## EXERCISE DETAILS
Could you restate every entry word for word, leaving the pictures out?

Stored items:

☆ ☆ ☆ ☆ ☆

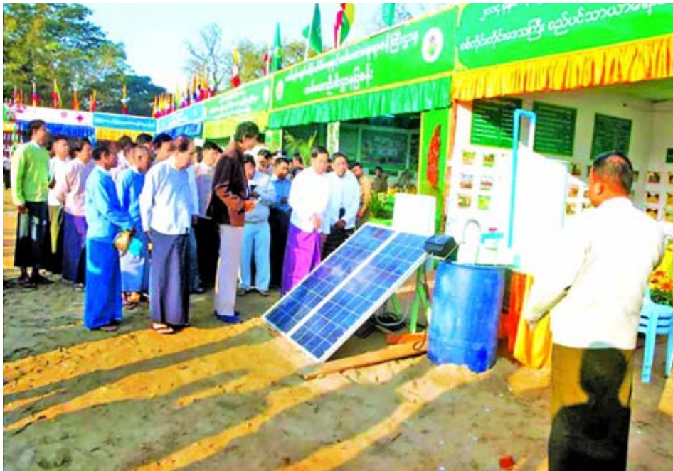
MONYWA, 13 Feb—The 67 th Anniversary Union Day Commemorative sports ground in Monywa Booths were opened at the of Sagaing Region on 10
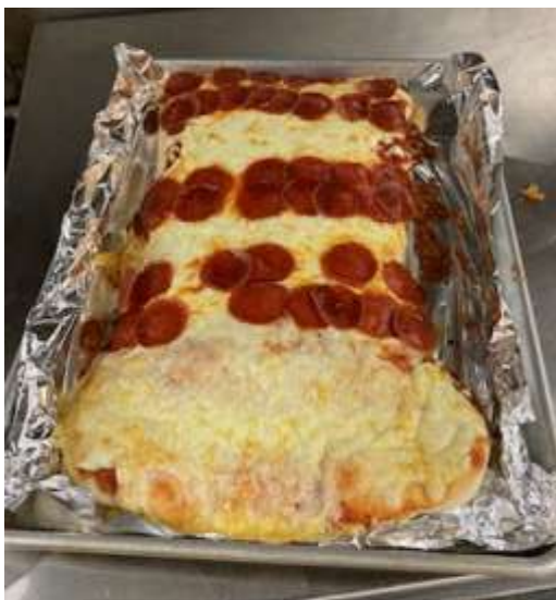
Cat in the Hat Pizza
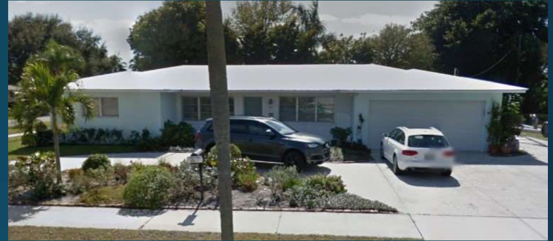
214 Hawthorne Drive

A service project by a homeschooler, it was taken down before a hurricane and hasn't been reinstalled. This does have a charter, but for some reason isn't on the map.
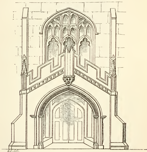
South Porch, destroyed about 1805. Enlarged from the view of the Church given in Loggan's Cantabrigia Illustrata , 1688.

The Church has externally a somewhat bare appearance, caused by the destruction of the tracery in the aisle-windows, and the loss of the south porch. The clerestory is, however, fine, and the tower, though reduced by successive mutilations to no
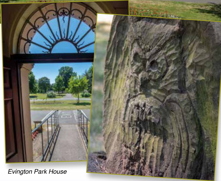
Evington Park House
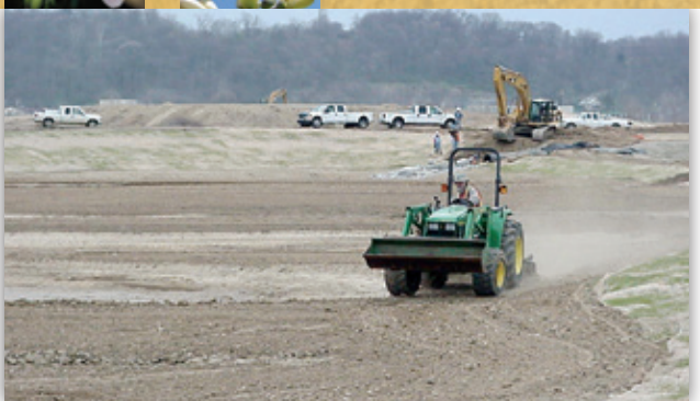
Site preparation for wetland mitigation, Cincinnati, OH
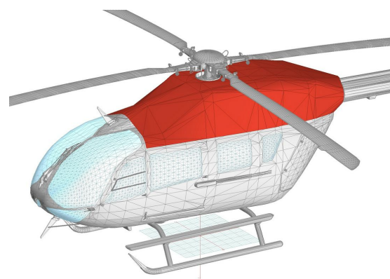
Intake/Exhaust Engine Area Cover, 3D Rendering
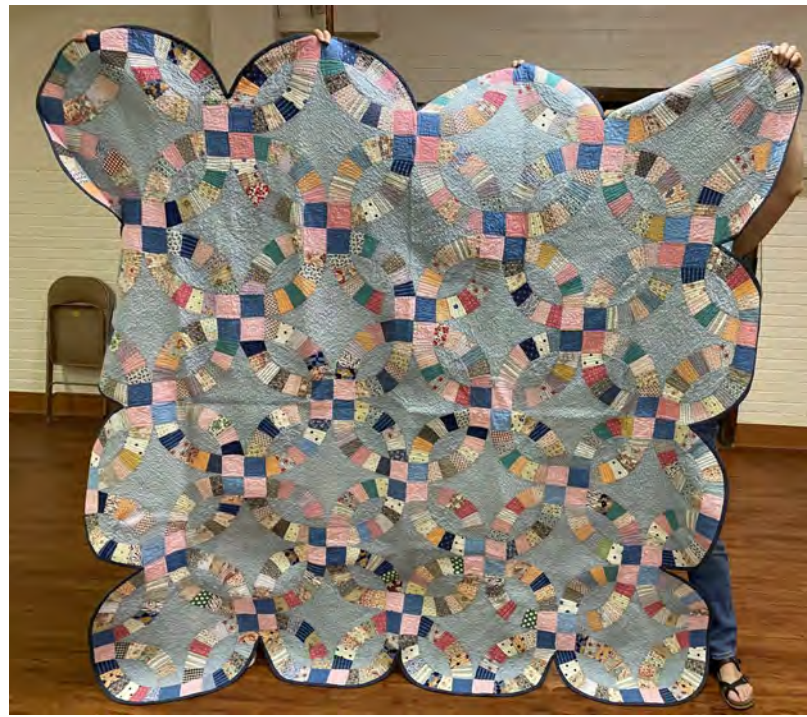
Quilted and bound by Gwen Clopton
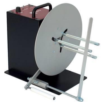
CAT-3-TA-ACH with APG

keep the unit from moving. The CAT-3 handles any rewind job and with its "HIGH" torque range can also power the LABELMATE S-100 or S-200 Label Slitters. Reliable, high quality and maintenance-free.
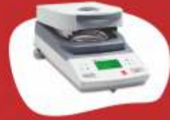
Moisture Analysis MB 45
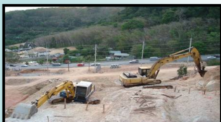
Two Caterpillars preparing upper tier site area.
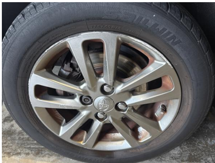
2: Wheel nsf Scratched Over 50mm
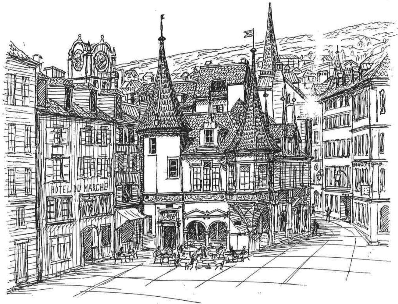
В историческом центре г. Невшатель. 11.9.98.
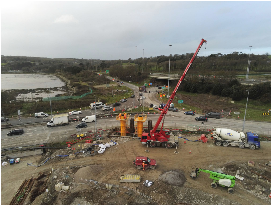
Demolition works underway at the existing Irish rail bridge over the Cork to Midleton railway line.

Also under night time working, we are progressing the demolition of the existing railway bridge in the Structure St08 are as highlighted above. In this case, night time working is essential in order to keep the Cork to Midleton railway line live during daytime hours for commuters – see photograph below.
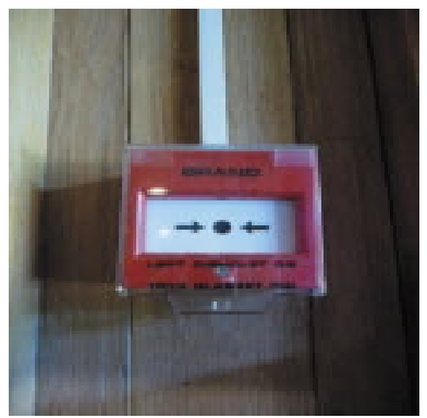
Fire alarm button
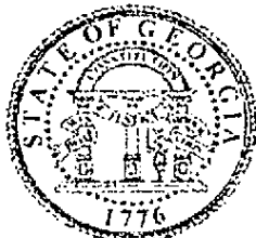
Brad Raffensperger Secretary of State

Docket Number : 24042338 Date Inc/Auth/Filed: 11/09/2022 Jurisdiction : Georgia Print Date : 11/14/2022 Form Number : 211
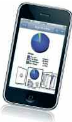
QlikView for iPhone

Evaluating QlikView is risk-free. Developing your QlikView applications is also free. Anyone can simply download QlikView from QlikTech's website ( www.qlikview.com ) and start developing applications with their own data. A fully-functional first application can be up and running in just a matter of hours. In fact, most customers are live with their first project in less than 30 days. And when you are ready to share your application with your colleagues or friends, let us know. We can provide a secure, shared infrastructure for you to demo your application to your group.
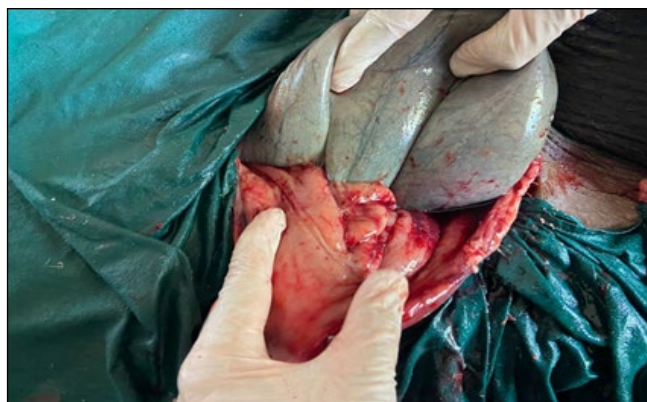
Figure 2b: Localized, flimsy-type uterine adhesions
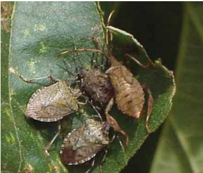
Figure 10. Two adults and a nymph of the brown marmorated stink bug, Halyomorpha halys Stål, feeding on one of its main hosts, princess tree in Allentown, Pennsylvania. Characteristic feeding damage of the brown marmorated stink bug is also evident. Late instar nymphs of leaf-footed bugs (Hemiptera: Coreidae) are often mistakenly submitted as brown marmorated stink bug samples. The Coreidae pictured is probably the western conifer seed bug, Leptoglossus occidentalis Heidemann.
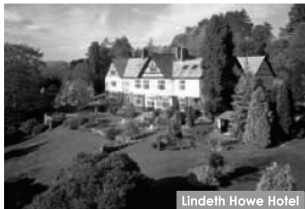
Lindeth Howe Hotel
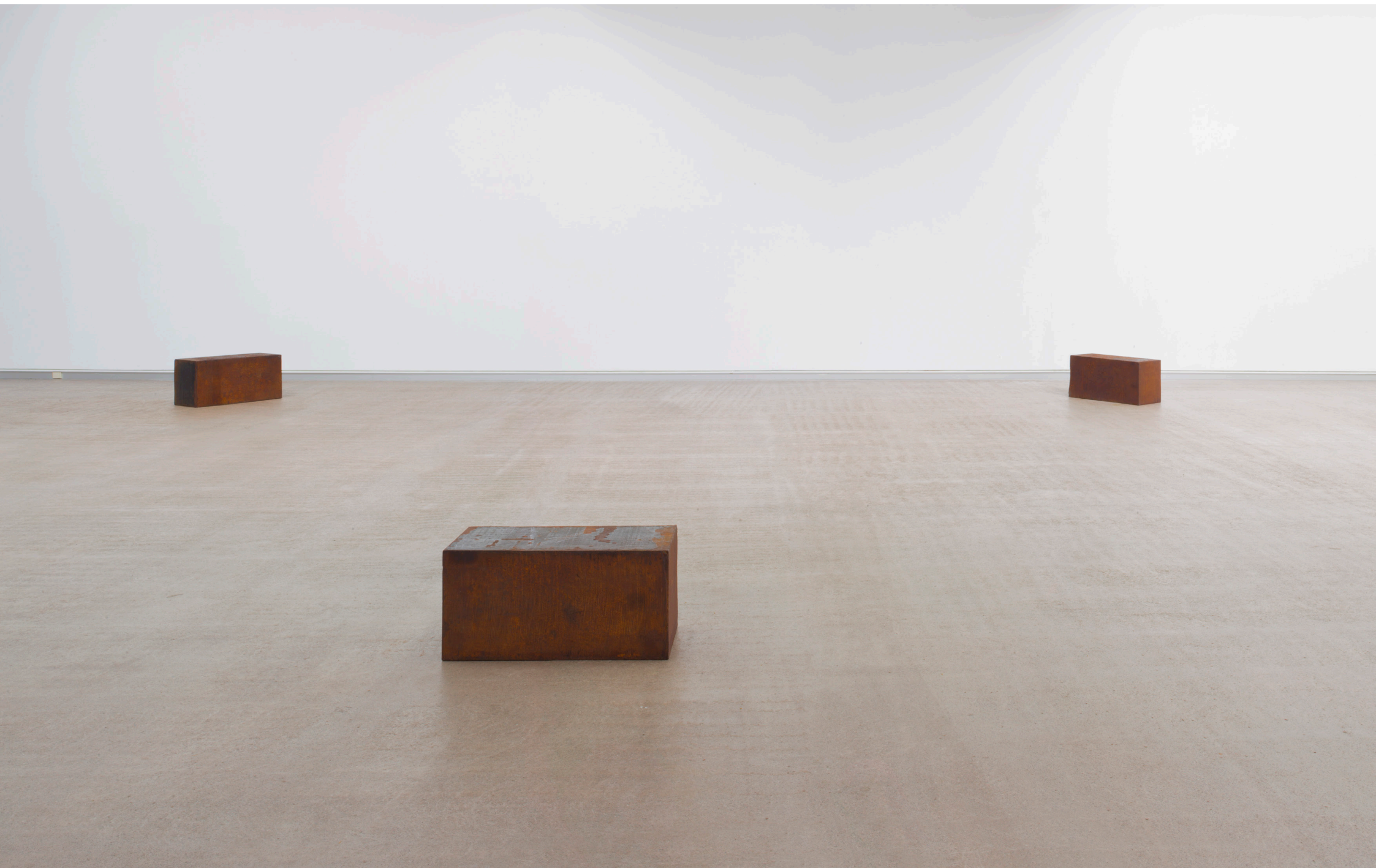
THREE UNEQUAL ELEVATIONS , 1975. Forged steel. 3 blocks, 61 x 31 x 25, 61 x 31 x 27, 61 x 31 x 29 cm.
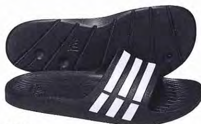
G15890 Black / White
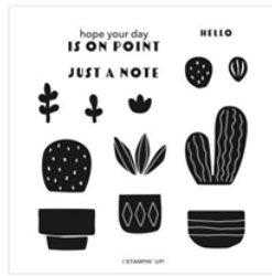
Cactus Cuties Photopolymer Stamp Set - 158056
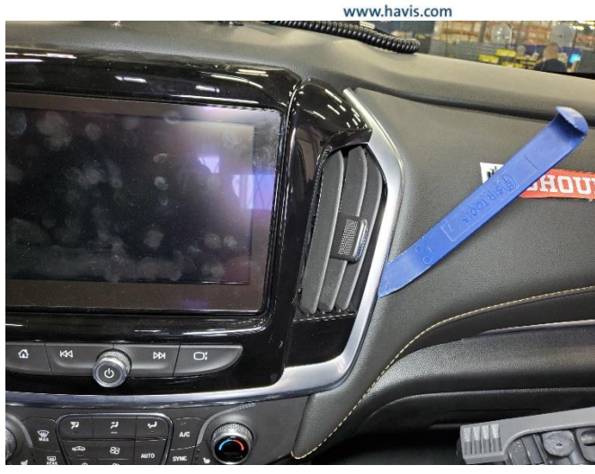
Carefully pry along sides of trim with a panel removal tool.
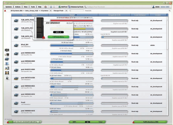
IBM Hyper-Scale: Consolidated management across XIV systems

The XIV architecture is at the core of the system’s seamless scaling-up capability. The system hardware scales in every aspect: each newly added module contains capacity, cache, flash caching (optional), processing power, host interfaces and bandwidth. This design is aimed at maintaining the capacity-to-resources ratio as the system scales up incrementally, keeping performance in pace with application load and total throughput. The XIV system software contains a redistribution mechanism that integrates a new module automatically, allowing for perfect linear scalability with near-zero performance impact. Internal switching capacity is designed for any system size, ensuring that the system stays bottleneck-free even upon scaling.
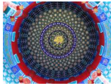
(d) Titulo debitas.
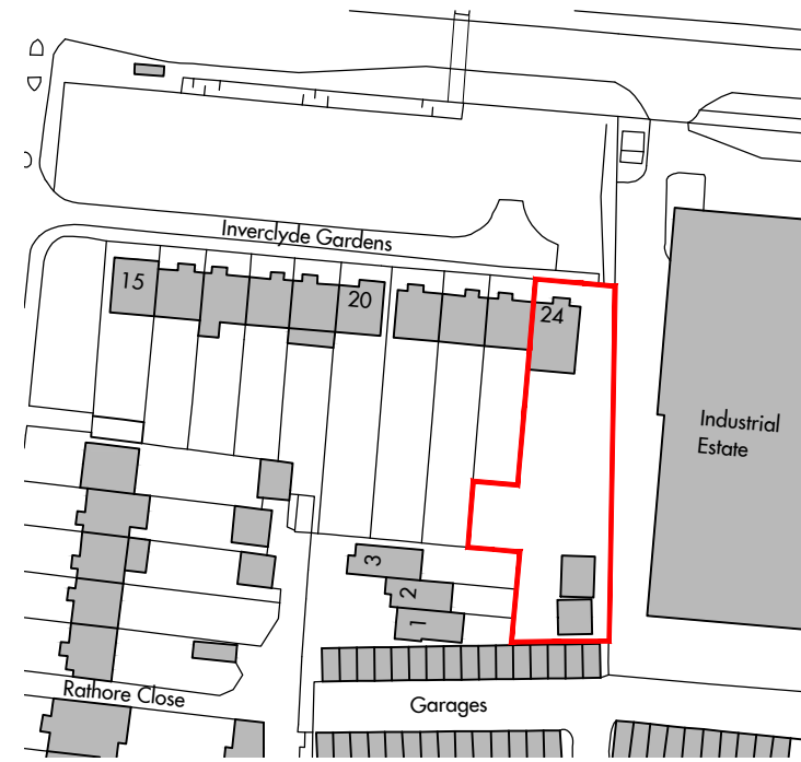
Existing Location Plan Scale 1:1250
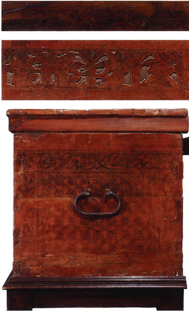
Fig. 10. Garland with vegetal motifs. Detail from the chest fig. 9.
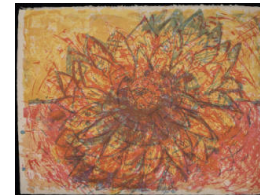
Title: Form, Illusion, Myth No. IV Date: 1938 - 1983 Primary Maker: Pat Steir Medium: Color lithograph
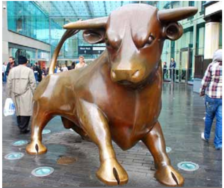
Bull sculpture at The Bullring shopping centre

The use of animals for sport and wagering has been practiced all over the world for centuries. The oldest recorded type of animal fighting is cockfighting, which dates back over 2,500 years.
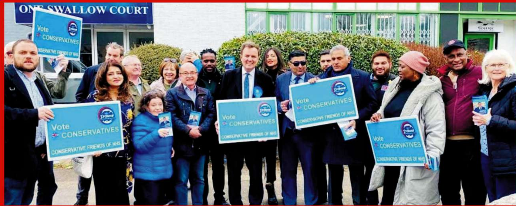
CFONHS Campaigning with former Chairman Greg Hands MP for the by-election
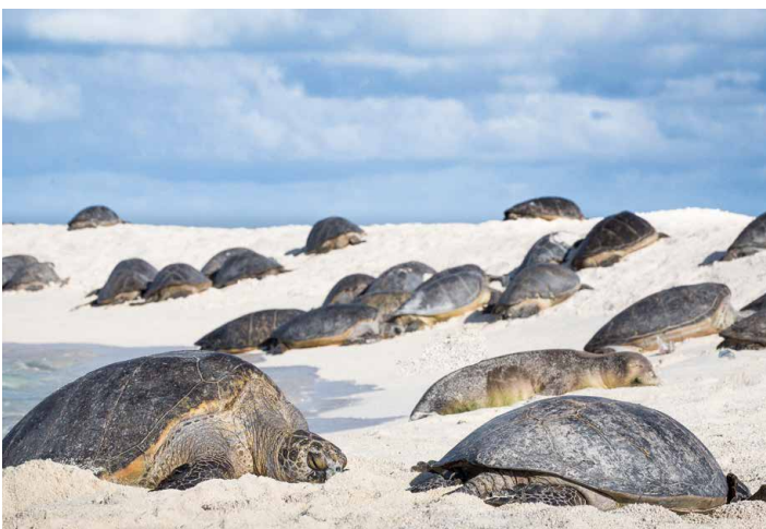
Monk seal and green sea turtles

The Fund's investments are provided to support management across the Monument, however an initial focus has been placed at French Frigate Shoals as a hot spot for endangered wildlife within the Monument and a case study for addressing management challenges and threats that are found throughout its boundaries.
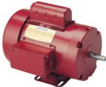
LEESON Farm Duty

☆ ☆ ☆ ☆ ☆

## EXPECTED ANSWER
MONYWA, 13 Feb—The 67 th Anniversary Union Day Commemorative sports ground in Monywa Booths were opened at the of Sagaing Region on 10
Cat in the Hat Pizza
214 Hawthorne Drive

A service project by a homeschooler, it was taken down before a hurricane and hasn't been reinstalled. This does have a charter, but for some reason isn't on the map.
South Porch, destroyed about 1805. Enlarged from the view of the Church given in Loggan's Cantabrigia Illustrata , 1688.

The Church has externally a somewhat bare appearance, caused by the destruction of the tracery in the aisle-windows, and the loss of the south porch. The clerestory is, however, fine, and the tower, though reduced by successive mutilations to no
Evington Park House
Site preparation for wetland mitigation, Cincinnati, OH
Intake/Exhaust Engine Area Cover, 3D Rendering
Quilted and bound by Gwen Clopton
CAT-3-TA-ACH with APG

keep the unit from moving. The CAT-3 handles any rewind job and with its "HIGH" torque range can also power the LABELMATE S-100 or S-200 Label Slitters. Reliable, high quality and maintenance-free.
Moisture Analysis MB 45
Two Caterpillars preparing upper tier site area.
2: Wheel nsf Scratched Over 50mm
В историческом центре г. Невшатель. 11.9.98.
Demolition works underway at the existing Irish rail bridge over the Cork to Midleton railway line.

Also under night time working, we are progressing the demolition of the existing railway bridge in the Structure St08 are as highlighted above. In this case, night time working is essential in order to keep the Cork to Midleton railway line live during daytime hours for commuters – see photograph below.
Fire alarm button
Brad Raffensperger Secretary of State

Docket Number : 24042338 Date Inc/Auth/Filed: 11/09/2022 Jurisdiction : Georgia Print Date : 11/14/2022 Form Number : 211
QlikView for iPhone

Evaluating QlikView is risk-free. Developing your QlikView applications is also free. Anyone can simply download QlikView from QlikTech's website ( www.qlikview.com ) and start developing applications with their own data. A fully-functional first application can be up and running in just a matter of hours. In fact, most customers are live with their first project in less than 30 days. And when you are ready to share your application with your colleagues or friends, let us know. We can provide a secure, shared infrastructure for you to demo your application to your group.
Figure 2b: Localized, flimsy-type uterine adhesions
Figure 10. Two adults and a nymph of the brown marmorated stink bug, Halyomorpha halys Stål, feeding on one of its main hosts, princess tree in Allentown, Pennsylvania. Characteristic feeding damage of the brown marmorated stink bug is also evident. Late instar nymphs of leaf-footed bugs (Hemiptera: Coreidae) are often mistakenly submitted as brown marmorated stink bug samples. The Coreidae pictured is probably the western conifer seed bug, Leptoglossus occidentalis Heidemann.
Lindeth Howe Hotel
THREE UNEQUAL ELEVATIONS , 1975. Forged steel. 3 blocks, 61 x 31 x 25, 61 x 31 x 27, 61 x 31 x 29 cm.
G15890 Black / White
Cactus Cuties Photopolymer Stamp Set - 158056
Carefully pry along sides of trim with a panel removal tool.
IBM Hyper-Scale: Consolidated management across XIV systems

The XIV architecture is at the core of the system’s seamless scaling-up capability. The system hardware scales in every aspect: each newly added module contains capacity, cache, flash caching (optional), processing power, host interfaces and bandwidth. This design is aimed at maintaining the capacity-to-resources ratio as the system scales up incrementally, keeping performance in pace with application load and total throughput. The XIV system software contains a redistribution mechanism that integrates a new module automatically, allowing for perfect linear scalability with near-zero performance impact. Internal switching capacity is designed for any system size, ensuring that the system stays bottleneck-free even upon scaling.
(d) Titulo debitas.
Existing Location Plan Scale 1:1250
Fig. 10. Garland with vegetal motifs. Detail from the chest fig. 9.
Title: Form, Illusion, Myth No. IV Date: 1938 - 1983 Primary Maker: Pat Steir Medium: Color lithograph
Bull sculpture at The Bullring shopping centre

The use of animals for sport and wagering has been practiced all over the world for centuries. The oldest recorded type of animal fighting is cockfighting, which dates back over 2,500 years.
CFONHS Campaigning with former Chairman Greg Hands MP for the by-election
Monk seal and green sea turtles

The Fund's investments are provided to support management across the Monument, however an initial focus has been placed at French Frigate Shoals as a hot spot for endangered wildlife within the Monument and a case study for addressing management challenges and threats that are found throughout its boundaries.
LEESON Farm Duty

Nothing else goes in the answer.